On Wed, Nov 25, 2009 at 3:12 PM, Paul Davis <pa...@gmail.com> wrote:
> That does seem logical. I've duplicated this behavior in Python as well:
>
> #! /usr/bin/env python
>
> import couchdb
> conns = []
> for i in range(200):
>    conns.append(couchdb.Server("http://127.0.0.1:5984/").create("test-%s" % i))
>    docs = [{"_id": "%s" % j, "lang": "erlang"} for j in range(500)]
>    conns[-1].update(docs)

Paul, does this code create 200 connections? It's been a while since
I've done Python. The Perl version I created only creates 1 connection
and tries to create 200 databases with that single connection.

> And that runs fine with no call to update.

yeah, creating 200 databases is no issue. It is once you add docs the
issue shows up.

-- 
Jeff Macdonald
Ayer, MA

Re: all_dbs_active - what should an app do when it gets this?

Posted by Paul Davis <pa...@gmail.com>.
On Wed, Nov 25, 2009 at 3:08 PM, Damien Katz <da...@apache.org> wrote:
> I think I know what's happening. With delayed commits each database waits ~1
> sec before fully committing to disk. So each database is considered "open"
> until that commit happens. So this looks like normal behavior to me.
>
> We could try to tell a database to fully commit when that happens, then
> close it, but it can take a long time to complete a fsync and a client could
> reopen the database in that time, etc. There are no perfect solutions here.
>
> -Damien
>

That does seem logical. I've duplicated this behavior in Python as well:

#! /usr/bin/env python

import couchdb
conns = []
for i in range(200):
    conns.append(couchdb.Server("http://127.0.0.1:5984/").create("test-%s" % i))
    docs = [{"_id": "%s" % j, "lang": "erlang"} for j in range(500)]
    conns[-1].update(docs)

And that runs fine with no call to update.

Paul

Re: all_dbs_active - what should an app do when it gets this?

Posted by Jeff Macdonald <ma...@gmail.com>.
On Wed, Nov 25, 2009 at 4:49 PM, Damien Katz <da...@apache.org> wrote:
> I looked again at your crash stack traces. It's caused by a timeout while
> creating the database. It looks like you are very IO bound, and creating the
> databases, which is just creating a new file a writing an initial header (<
> 4k), is timing out.

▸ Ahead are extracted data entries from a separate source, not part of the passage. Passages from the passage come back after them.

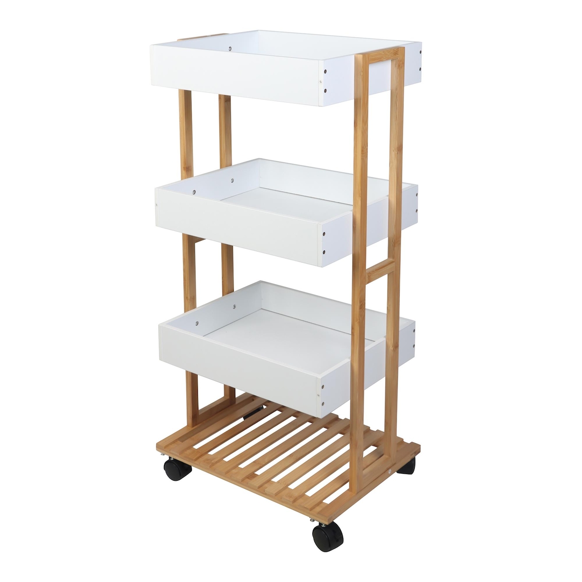 WENKO Rollwagen "Regal Tortona" Badezimmer-Schrank mit 3 Ablagen natur B/H/T: 18cm x 71,5cm x 31cm
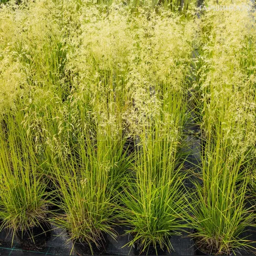 Луговик (Щучка) Бронзешляйер - Декоративный злак, отрастающий рано весной. Образует плотные кочки высотой 60 см с большим количеством узких, жёстких, тёмно-зелёных листьев. Цветоносы высотой 80-100 см. Соцветия-метёлки изящные, раскидистые. Колоски блестящие, мелкие, светло-бронзовые, при созревании коричневые.
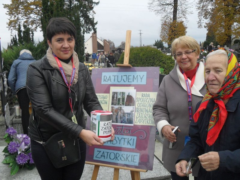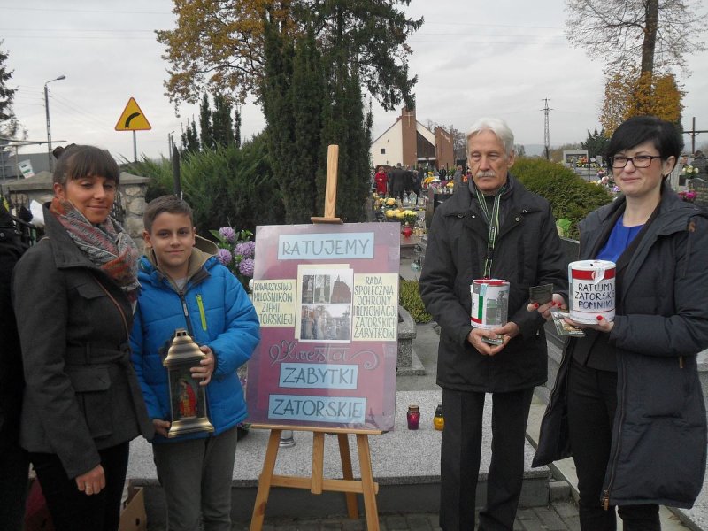 W dniu 1 listopada 2016 r. na zatorskim cmentarzu komunalnym odbyła się kwesta podczas, której zebrano łącznie 9172,73 zł oraz 1,5 USD. W kweście wzięły udział 34 osoby. Zbiórkę przeprowadzono od godziny 9. 30 do 16.00, przy 3 bramach wejściowych cmentarza. Organizatorem zbiórki tradycyjnie była Rada Społeczna Ochrony i Renowacji Zatorskich Zabytków oraz Towarzystwo Miłośników Ziemi Zatorskiej. Zebrane środki będą przeznaczone na dalsze prace renowacyjne zabytkowych nagrobków. W okresie 15 lat odnowiono zatorskie zabytki na kwotę ponad 320 tysięcy złotych. Serdecznie dziękujemy wszystkim ofiarodawcom za wsparcie tych działań.
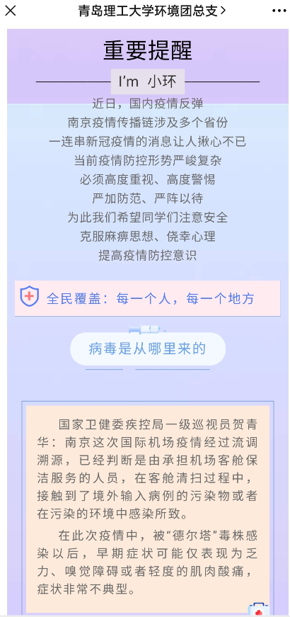用好线上宣传武器,提高学生的疫情防控意识。学院充分利用QQ号、微信公众号传播快、范围广的特点,在环境学院微信公众号、QQ小环学院宣传平台上及时转发、推送学校、学生处、学院关于新冠肺炎疫情防控措施,科普疫苗接种和防治传播知识,引导全院学生科学认识本次疫情的特殊性。做好线下宣传工作,紧盯在校学生安全,针对留校备战考研学生,辅导员在临时组建的班级召开疫情防控专题宣讲会,为在校学生普及防控知识,提醒大家在日常生活中要“勤洗手、常通风、戴口罩、”,做好“一米线”等个人安全防护;解读当前学校疫情防控要求,讲清楚疫情防控形势的严峻性,提高学生的自我防护意识。

We should probably add an infinite timeout there to
> prevent this crash.

while that is true, those crash dumps are not really related to the
problem of having all the databases active. :(
In other words, those crash dumps show another problem. Oh, and I
don't recall if I said I'm using 0.10.


-- 
Jeff Macdonald
Ayer, MA

Re: all_dbs_active - what should an app do when it gets this?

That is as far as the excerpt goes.